Monday, 1 September 2014

Plums, glorious plums

This year has been a bumper harvest of my little Victoria plum tree, the one that is happy to grow in our north facing blip of a garden, in the heaviest clay soil you'll ever have seen.

Last year there were 14 plums. This year... Too many to count. So what to do with them all? Well, while I consider, I harvest as they get ripe, halve them and put them in small freezer bags to keep my options open. I like plum cake, and the portion size is sufficient for a nice big cake.

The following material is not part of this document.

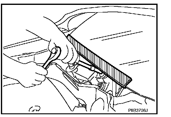 When performing the procedure after removing cowl top cover, cover the lower end of windshield with urethane, etc.
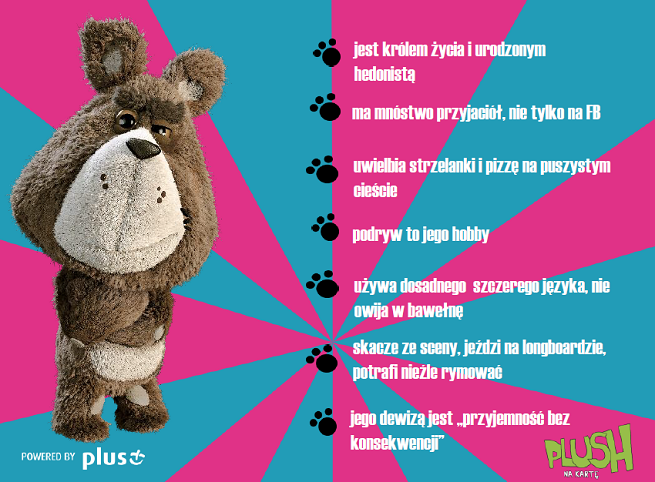 Plushak pojawił się w 2014 roku jako naturalna odpowiedź na reklamy nju mobile. Wyluzowany brand hero Plusa całkowicie zmienił i „odmłodził” wizerunek marki. Zadaniem Plushaka, który w spotach lubi imprezować ze swoimi ludzkimi przyjaciółmi (inspiracja filmem „Ted”), było wypromowanie nowej oferty Plush na Kartę, która jest skierowana do młodszych odbiorców (16– 24 lat). Plushakowi towarzyszyło hasło „Bez konsekwencji”, które w pewien sposób podsumowuje sposób konsumowania, działania i widzenia świata przez młodsze pokolenie. Kreacje i teksty pojawiające się w grafikach i reklamach, mają charakter memów, dlatego są chwytliwe i oddziałują na emocje.

But I think we may have more than we need for cake, so this year I'm planning to dig out a nice German recipe for Pflaumenmus (plum compote.. well sort of, it doesn't translate well, I've seen it translated as plum cheese, but there's nothing cheesy about it). In fact, there's plenty of German plum recipes, I'm sure plum/damson cake is omnipresent in German bakeries, with the fair accompaniment of wasps who seem to like plums as much as we do.

Plum compote is a bit like jam, just with less sugar and longer boiling at lower temperature, and the addition of spices which make it perfect for winter days.

3 kg plums
500 g jam sugar
1 unwaxed lemon, cut the rind into strips
2 cinnamon sticks
ground ginger, cloves or all spice to taste

 
Wash, halve and remove stones. Put into a casserole dish and sprinkle with spices (cinnamon, cloves etc). Add sugar and stir. Put into preheated oven at 175 degrees C for at least 1.5 hours (stir after every half hour), and put a wooden spoon in the oven door to allow the water to evaporate. The mousse is done when the plums have disintegrated, the water evaporated and the compote is nice and dark. You may need to extend the time in the oven up to 2.5 hours. Fill into sterilised jars and close.

(How to sterilise jars: wash them in hot water, and put the wet jars into the oven for 15 minutes at about 100-150 degrees. You can also boil them in a large saucepan for 10 minutes, or use a baby bottle steriliser if you have one. Sterilising reduces the likelihood of mould developing).

You can use the mouse just like jam, or bake with it or...

1 comment:

Anonymous said...

Ah but you can't make proper Pflaumenmus or Pflaumenkuchen without using proper "Zwetschgen"! And you can't get those in this country... :( They're not the same as damsons, apparently.